Caching real GitLab queries on Azure Postgres with Readyset
6 min read
•
2 days ago

GitLab on Azure Postgres is expensive once a few teams start hammering the REST API. The bill grows because Postgres has to serve the same project list, issue count, and dashboard rollup over and over again, on top of the real work (writes, search, CI metadata). The standard answer is to scale up: For example, D4ds_v5 to D8ds_v5 to D16ds_v5, same shape, double the price (check the pricing calculator).
This post walks through a different answer. We put Readyset between GitLab and an Azure Database for PostgreSQL Flexible Server, captured every byte exact query GitLab issued during a representative API workload, decided which queries actually tolerate a few seconds of staleness, and cached only those. The result is a 62% Azure cost reduction at the same throughput, with the queries that matter (aggregate counts, list endpoints, activity feeds) running 5x to 25x faster.
What you will see in this post
- The Azure topology: GitLab CE 18.11.2 + Readyset + Azure PG Flexible.

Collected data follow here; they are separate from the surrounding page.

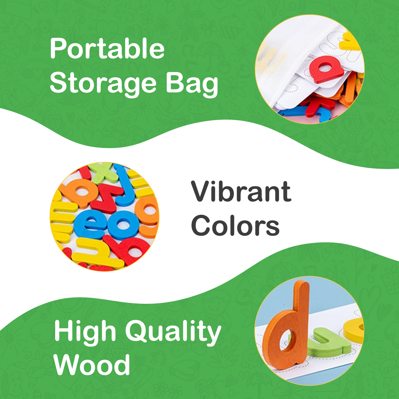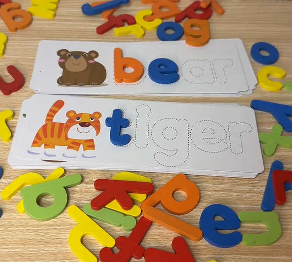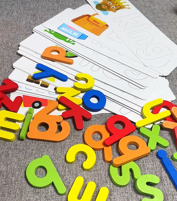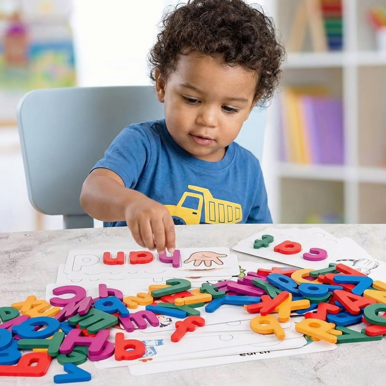 It builds essential early literacy skills through hands-on play. Kids strengthen letter recognition, phonics awareness, spelling confidence, and vocabulary development—all while having fun matching letters to pictures. The puzzle-style play improves fine motor skills, concentration, and hand-eye coordination, and boosts confidence as children complete each card on their own. It turns learning into a calm, focused, and joyful experience.
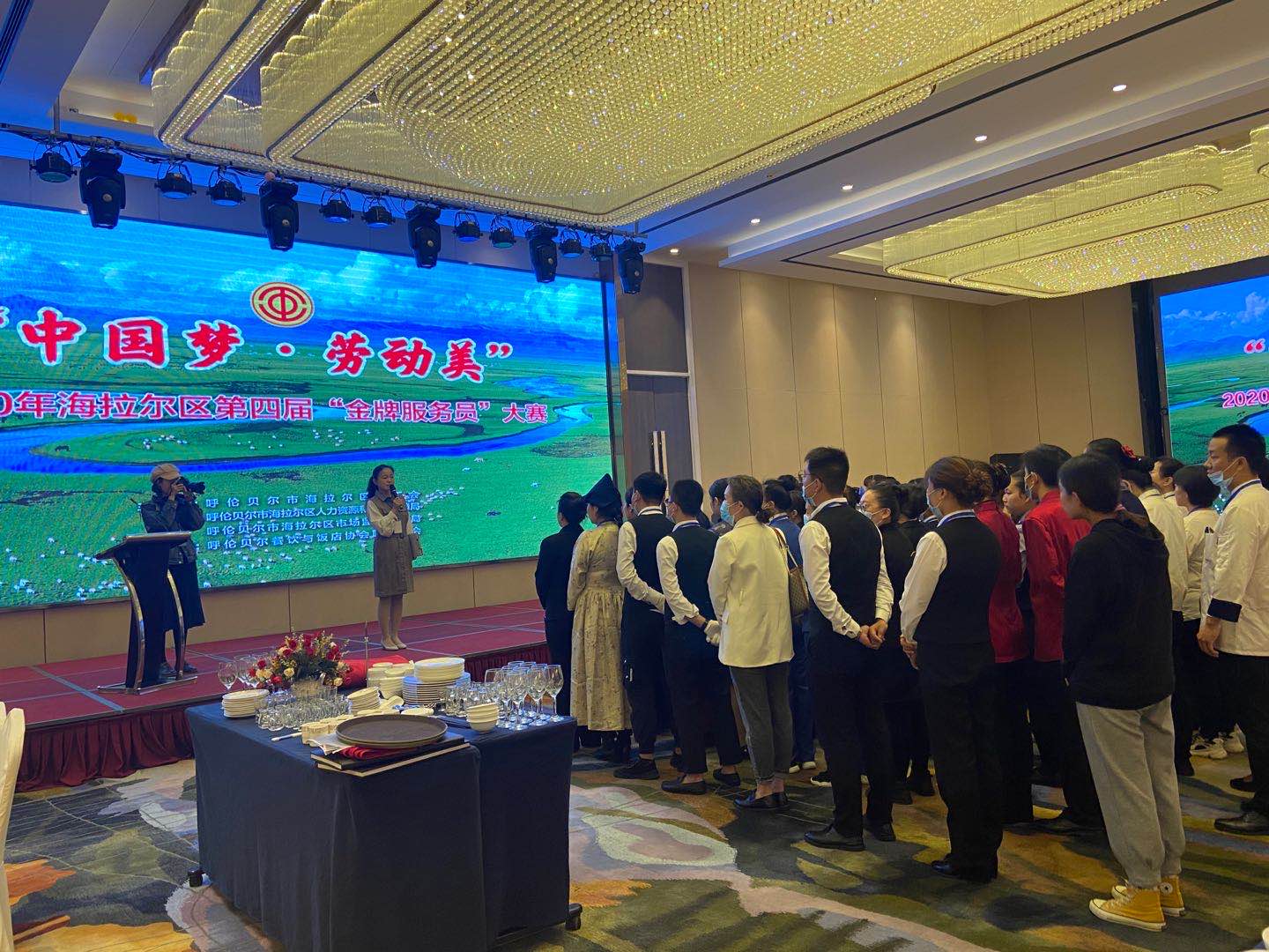 内蒙古呼伦贝尔市海拉尔区总工会为大力弘扬工匠精神,建设知识型、技能型、创新型劳动者大军,推动疫情后海拉尔区餐饮行业的复工复产,提振行业信心,促进行业内服务技能交流与学习,举办“中国梦·劳动美”2020年海拉尔区第四届“金牌服务员”大赛,来自海拉尔区14家大型餐饮企业的50余名餐厅、客房服务精英参加了本次服务技能大比拼。此次比赛共有中餐宴会摆台、中式铺床两个比赛项目。赛场上,参赛选手以精湛的技艺、优美的动作完成了操作技能比赛,动作非常连贯,娴熟的技能赢得了现场观众阵阵掌声,充分展示了选手们操作技能的熟练性、规范性和美观性。
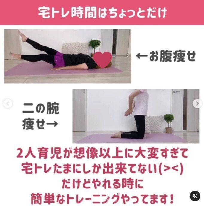 想像以上に大変な2人育児。自宅トレーニングはたまにしかできていないと言います。でも、できるときにちょっとでも、継続をしているということが何よりもすごいですよね!今後は、ボディメイクのためにも少しずつトレーニングを増やしていきたいのだそう。
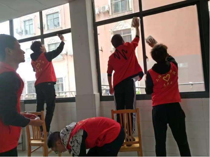 8点40,到达目的地---临港养护院。与李主任进行简单交接后,志愿者们展开了此次活动的第一个项目---打扫卫生。志愿者们打扫卫生十分的积极,不到一个小时就把窗户擦的十分明亮。
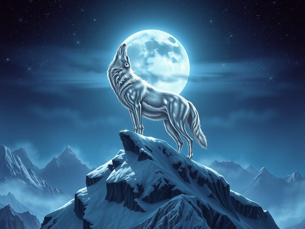 A stunning image of a silver wolf silhouetted against a starry, moonlit sky atop a snowy mountain. Volumetric lighting and mist enhance the ethereal fantasy of this dramatic scene.
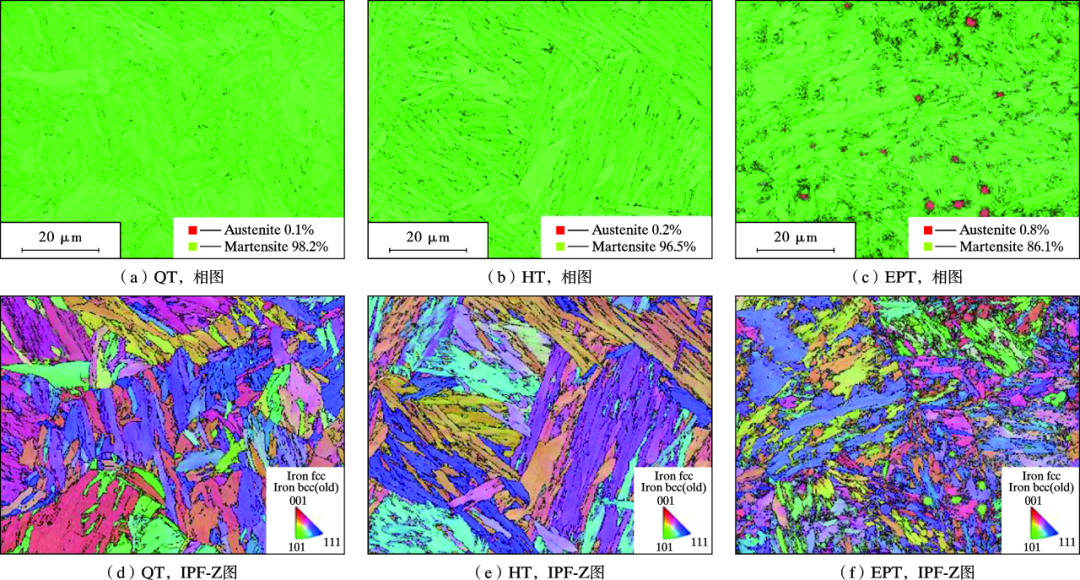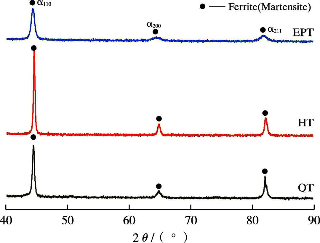 QT、HT和EPT试样的微观组织均以马氏体为主,HT处理试样的平均晶粒尺寸为149.31 μm2,QT处理试样的平均晶粒尺寸为62.49 μm2,EPT试样具有更加细小的平均晶粒尺寸22.6 μm2,这得益于脉冲电流的焦耳热效应和非热效应共同作用的效果。
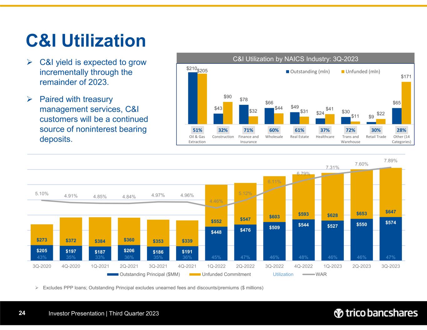 C&I Utilization Investor Presentation | Third Quarter 202324  Excludes PPP loans; Outstanding Principal excludes unearned fees and discounts/premiums ($ millions)  C&I yield is expected to grow incrementally through the remainder of 2023.  Paired with treasury management services, C&I customers will be a continued source of noninterest bearing deposits. C&I Utilization by NAICS Industry: 3Q-2023 $205 $197 $187 $206 $186 $191 $448 $476 $509 $544 $527 $550 $574 $273 $372 $384 $360 $353 $339 $552 $547 $603 $593 $628 $653 $647 43% 35% 33% 36% 35% 36% 45% 47% 46% 48% 46% 46% 47% 5.10% 4.91% 4.85% 4.84% 4.97% 4.96% 4.46% 5.12% 6.11% 6.79% 7.31% 7.60% 7.89% 0% 1% 2% 3% 4% 5% 6% 7% 8% 9% $0 $200 $400 $600 $800 $1,000 $1,200 $1,400 3Q-2020 4Q-2020 1Q-2021 2Q-2021 3Q-2021 4Q-2021 1Q-2022 2Q-2022 3Q-2022 4Q-2022 1Q-2023 2Q-2023 3Q-2023 Outstanding Principal ($MM) Unfunded Commitment Utilization WAR $210 $43 $78 $66 $49 $24 $30 $9 $65 $205 $90 $32 $44 $31 $41 $11 $22 $171 51% 32% 71% 60% 61% 37% 72% 30% 28% 0% 5000% 10000% 15000% 20000% Oil & Gas Extraction Construction Finance and Insurance Wholesale Real Estate Healthcare Trans and Warehouse Retail Trade Other (14 Categories) Outstanding (mln) Unfunded (mln)
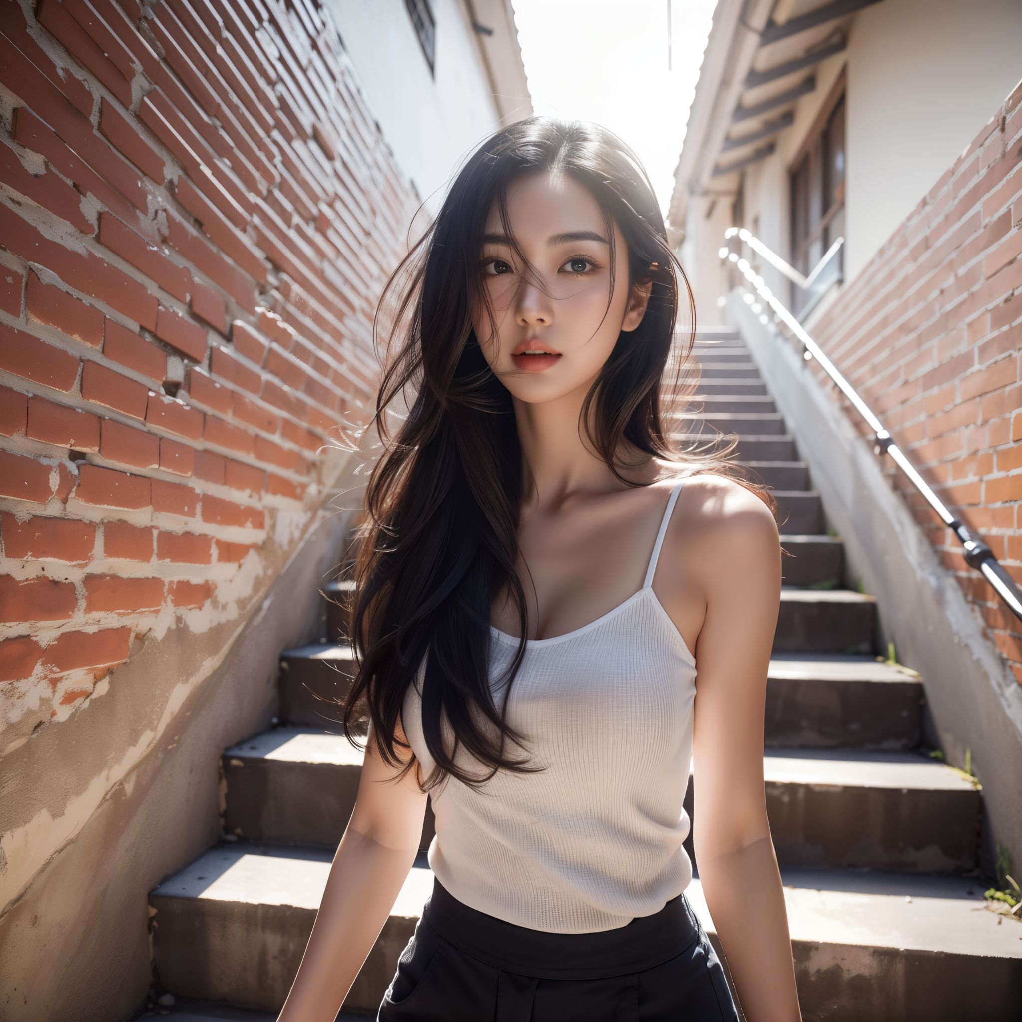masterpiece, photorealistic, 9k uhd, bestres, ultra detailed brick wall, stairs, black hair taiwan girl, lady, picture, photorealistic, dynamic pose, bright foreground
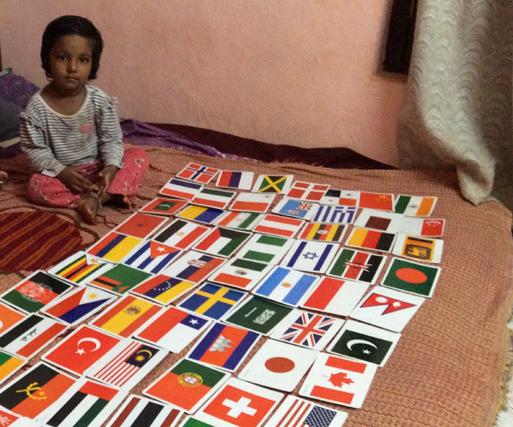 Sourish Roy (born on October 17, 2015) of North 24-parganas, West Bengal, is appreciated for identifying the flags of all the 195 (UN recognised) countries and recalling their
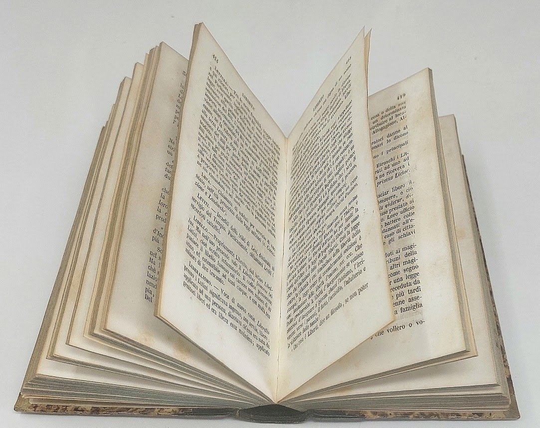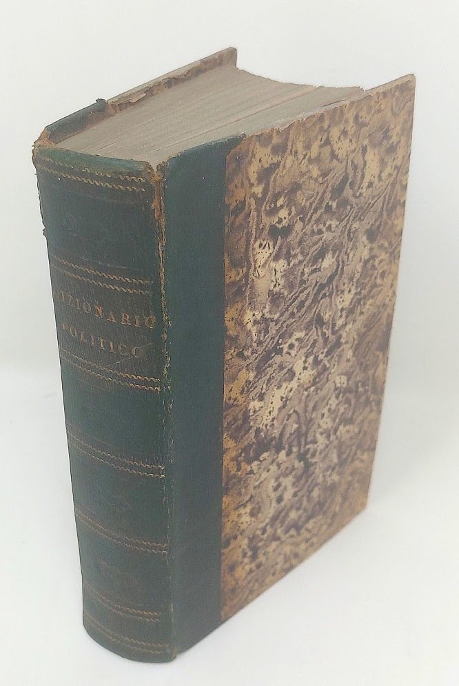 >in-8, pp. (8), 772,  legatura coeva in m. pelle verde, titolo e fregi in oro al dorso, tagli spruzzati. Prima e unica edizione di questo dizionario risorgimentale di autore anonimo,  (l'autore non è mai stato identificato) di economia politica, di pensiero politico e di geopolitica. Ponderosa opera, con voci divise alfabeticamente, da Abbacinamento a Zollverein (lega doganale tedesca), arricchita, in fine, dal quadro mondiale dei potentati, e loro importanza, nel 1840.  Buon esemplare (consuete bruniture della carta).
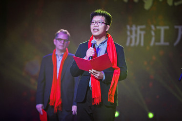 精彩绝伦的开场视频回顾了公司过去三年在综合实力、党建引领、团队队伍、人才培养、团队建设及社会服务等多方面所取得的卓越成就。学校领导、教师代表、员工代表以视频的方式为万里师生送上真挚的新年祝福。获得2023年国家杰出青年科学基金项目资助的葛楚天、荣获中国国际老员工创新大赛(2023)全国金奖的项目负责人叶成龙和指导教师陈彩祥、中德联合学院副经理Stefan Waller共同为师生献上新年贺词。

- The cache selection rule. We did not cache everything that was
cache-eligible. Read-your-own-writes paths were left to proxy. - Per-query speedups against real GitLab queries pulled from
pg_stat_statements. - The cost story: scaling Postgres down from D8ds_v5 to D2ds_v5.
- The integration playbook: every Azure-specific step, in order.
Tested on Azure
| Component | Detail |
|---|---|
| Postgres | Azure Database for PostgreSQL Flexible Server, General Purpose D8ds_v5 (8 vCore, 32 GiB), 128 GiB Premium SSD P10, PostgreSQL 18.3 |
| Readyset VM | Standard D2s v3, 2 vCPU, 8 GiB, Ubuntu 24.04, public.ecr.aws/readyset/readyset:latest-nightly, CACHE_MODE=shallow |
| GitLab VM | Same sizing as Readyset. GitLab CE Omnibus 18.11.2, external Postgres pointed at Azure PG |
| Region | Azure Canada Central (all three resources) |
| Run date | 2026-04-30 |
GitLab is real here. Omnibus install, all 1,043 tables migrated, the Rails web/API/Sidekiq stack live. The workload is a Python script hitting the REST API with a personal access token. This is not a synthetic microbenchmark.
The cache selection rule (read this first)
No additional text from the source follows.